### Information supplied

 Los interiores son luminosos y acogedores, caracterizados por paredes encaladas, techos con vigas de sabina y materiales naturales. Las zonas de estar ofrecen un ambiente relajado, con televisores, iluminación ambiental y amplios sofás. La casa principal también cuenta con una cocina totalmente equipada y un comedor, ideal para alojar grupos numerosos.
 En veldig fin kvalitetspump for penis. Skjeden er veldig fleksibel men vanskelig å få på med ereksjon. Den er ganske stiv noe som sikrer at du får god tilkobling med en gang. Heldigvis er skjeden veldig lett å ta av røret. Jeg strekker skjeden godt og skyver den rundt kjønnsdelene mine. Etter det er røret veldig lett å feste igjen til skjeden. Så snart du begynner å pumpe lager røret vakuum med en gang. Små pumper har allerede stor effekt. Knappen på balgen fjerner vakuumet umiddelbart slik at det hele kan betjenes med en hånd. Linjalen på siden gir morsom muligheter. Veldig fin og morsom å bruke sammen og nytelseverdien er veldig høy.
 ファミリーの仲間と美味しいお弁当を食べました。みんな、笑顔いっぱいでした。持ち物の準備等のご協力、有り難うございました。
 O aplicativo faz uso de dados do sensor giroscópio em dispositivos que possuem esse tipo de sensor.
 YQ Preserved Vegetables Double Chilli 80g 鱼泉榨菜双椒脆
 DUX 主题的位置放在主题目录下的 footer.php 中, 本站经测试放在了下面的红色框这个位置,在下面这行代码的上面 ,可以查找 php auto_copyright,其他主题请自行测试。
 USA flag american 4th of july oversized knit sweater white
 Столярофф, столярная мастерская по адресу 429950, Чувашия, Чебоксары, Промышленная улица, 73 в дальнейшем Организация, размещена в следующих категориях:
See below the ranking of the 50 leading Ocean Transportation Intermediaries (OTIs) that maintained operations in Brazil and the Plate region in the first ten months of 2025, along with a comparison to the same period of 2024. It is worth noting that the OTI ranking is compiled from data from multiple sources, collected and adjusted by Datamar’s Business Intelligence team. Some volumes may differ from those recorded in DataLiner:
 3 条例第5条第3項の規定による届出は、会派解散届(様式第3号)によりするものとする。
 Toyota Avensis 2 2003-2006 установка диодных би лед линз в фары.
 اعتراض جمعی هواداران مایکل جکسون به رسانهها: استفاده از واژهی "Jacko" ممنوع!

######
### Information supplied

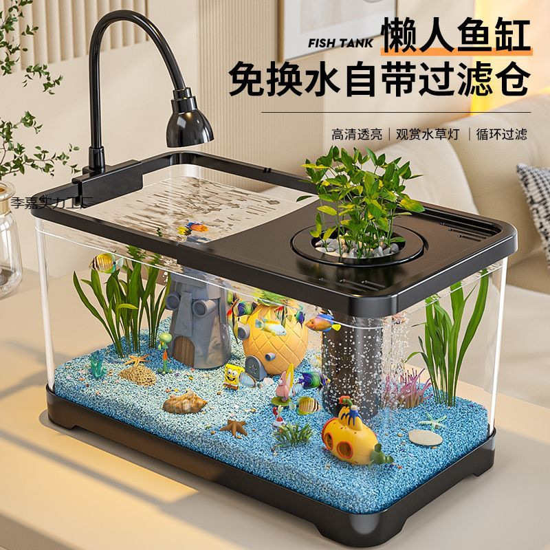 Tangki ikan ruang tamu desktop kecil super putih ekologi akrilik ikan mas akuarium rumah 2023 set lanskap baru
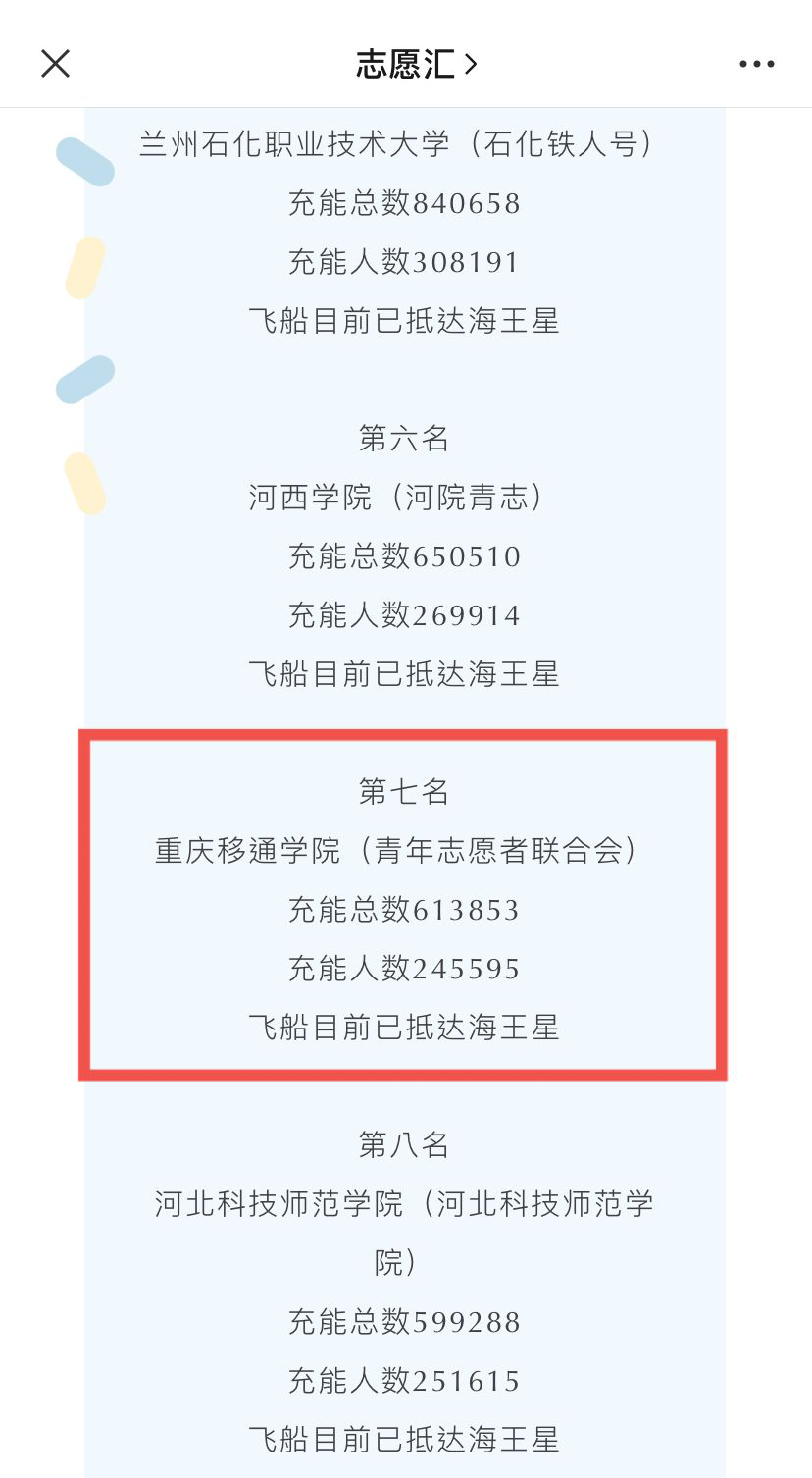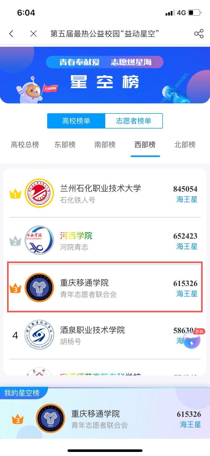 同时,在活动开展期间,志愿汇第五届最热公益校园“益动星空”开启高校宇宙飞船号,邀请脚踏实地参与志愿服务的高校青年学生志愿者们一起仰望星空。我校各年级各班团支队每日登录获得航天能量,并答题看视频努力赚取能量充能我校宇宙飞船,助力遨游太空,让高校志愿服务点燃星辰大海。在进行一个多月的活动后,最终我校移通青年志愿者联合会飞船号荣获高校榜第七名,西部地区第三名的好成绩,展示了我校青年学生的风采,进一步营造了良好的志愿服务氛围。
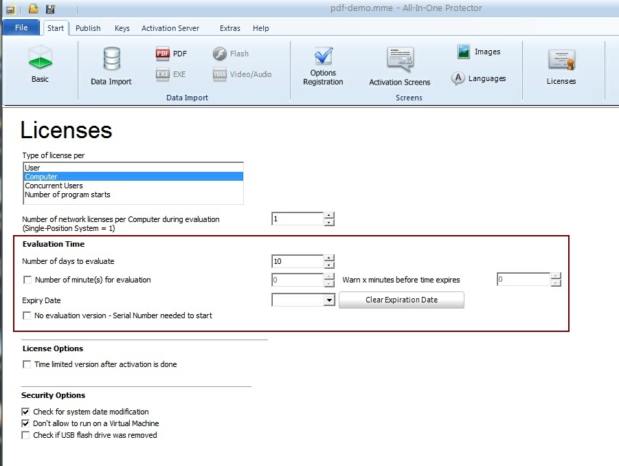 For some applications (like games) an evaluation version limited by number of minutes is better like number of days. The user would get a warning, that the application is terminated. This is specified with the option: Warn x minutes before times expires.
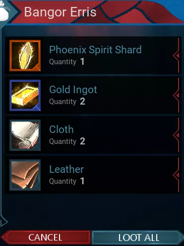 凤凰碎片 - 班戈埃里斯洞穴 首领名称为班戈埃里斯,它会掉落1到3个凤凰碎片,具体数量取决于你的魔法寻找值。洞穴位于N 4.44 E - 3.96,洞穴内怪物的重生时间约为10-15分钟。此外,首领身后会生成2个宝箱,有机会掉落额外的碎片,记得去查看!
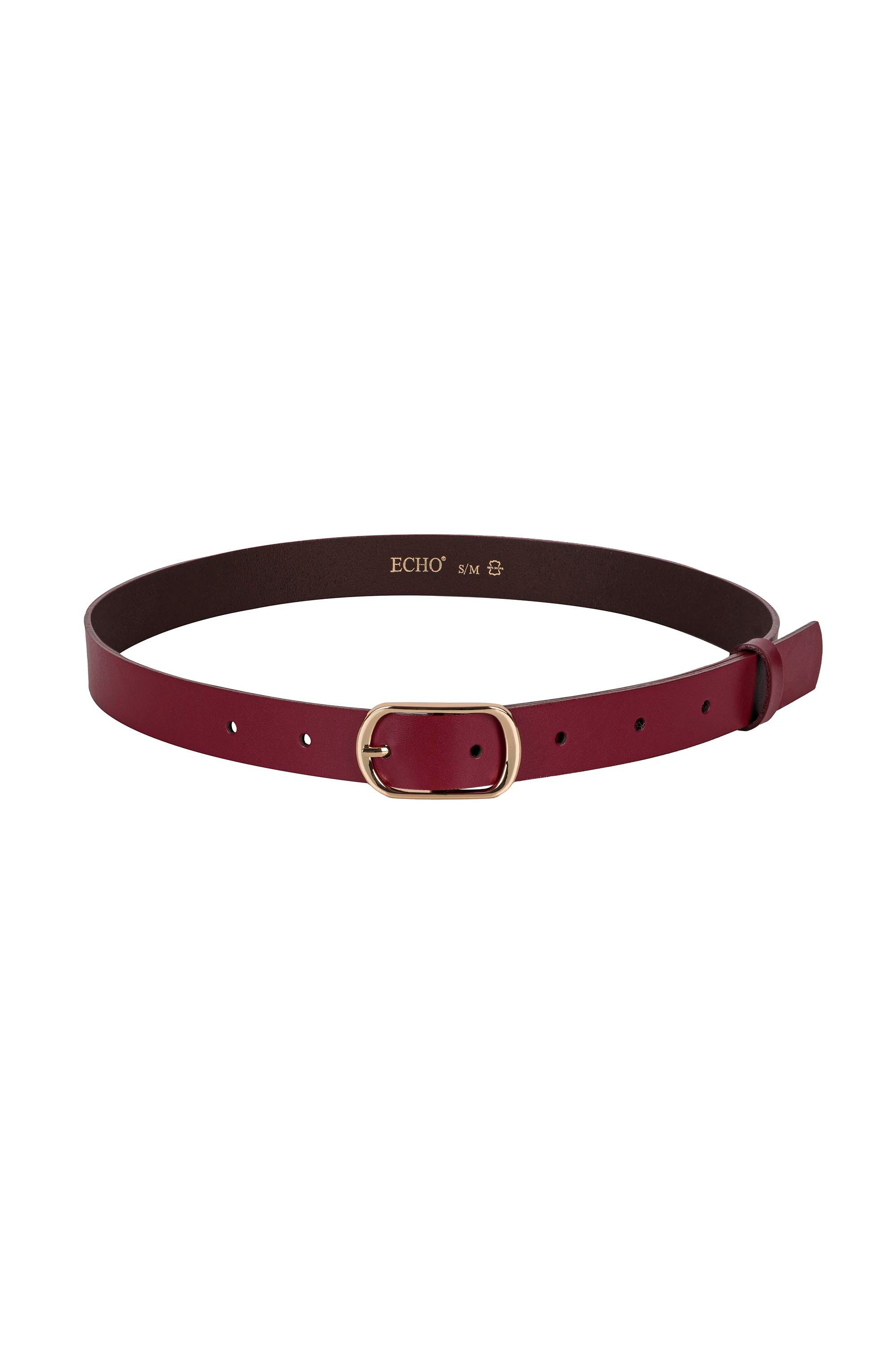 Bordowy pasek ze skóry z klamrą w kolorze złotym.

######

* **Directions**
Print exactly the lines above that run from the one with "For some applications" to the one with "Bordowy pasek ze", both included. No pictures.

* **Answer box**
 For some applications (like games) an evaluation version limited by number of minutes is better like number of days. The user would get a warning, that the application is terminated. This is specified with the option: Warn x minutes before times expires.
 凤凰碎片 - 班戈埃里斯洞穴 首领名称为班戈埃里斯,它会掉落1到3个凤凰碎片,具体数量取决于你的魔法寻找值。洞穴位于N 4.44 E - 3.96,洞穴内怪物的重生时间约为10-15分钟。此外,首领身后会生成2个宝箱,有机会掉落额外的碎片,记得去查看!
 Bordowy pasek ze skóry z klamrą w kolorze złotym.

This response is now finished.